0

I'm trying to create a dynamically generated DAG in Airflow.

The main component is where my code dynamically generates a bunch of tasks to run simultaneously (using a custom Operator to create each task). All those tasks have similar format (ie. same dependencies & same downstream), so I don't have the issue described in this question. In plain Python terminology, I'd just define a function once and then instantiate it multiple times with different arguments.

However, if I'm going to do it as a regular Python function, it seems strange to have so much regular Python mixed into my Airflow DAG. My understanding of Airflow was that it's best to keep all logic in custom operators, outside of the DAG.

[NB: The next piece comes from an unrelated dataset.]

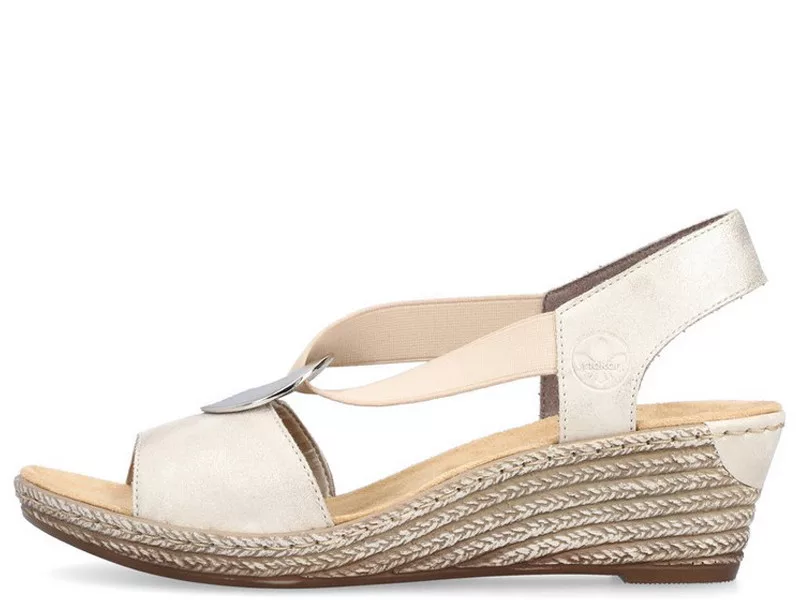 Kényelmes, divatos, bebújós, női szandál. Modell: Rieker 624H6 60 Szín: beige / bézs Felsőrész: szintetikus soft nappa Bélés: textil - szintetikus soft nappa Kaptafaszélesség: G - kényelmi normál bőség Sarokmagasság: 5 cm

On the other hand, I'm not sure if it's possible (and if so, how) to have a custom Operator which creates instances of a different Operator to be used directly in the DAG.

Is it bad practice to have Python logic directly within a DAG? If it's a bad idea, how should I implement this pattern?

(Using Airflow 1.10.12 and Python 3.7)

S.S.
  • 506
  • 2
  • 15

1 Answers1

0

It is. The official documentation states in its best practices section that

In general, you should not write any code outside the tasks. The code outside the tasks runs every time Airflow parses the DAG, which happens every second by default.

You could create a function in a python file and then call it from a "DAG" file. Or maybe the new Taskflow API of Airflow 2.0 helps you:

https://airflow.apache.org/docs/apache-airflow/stable/tutorial_taskflow_api.html

Javier López Tomás
  • 1,063
  • 1
  • 9
  • 24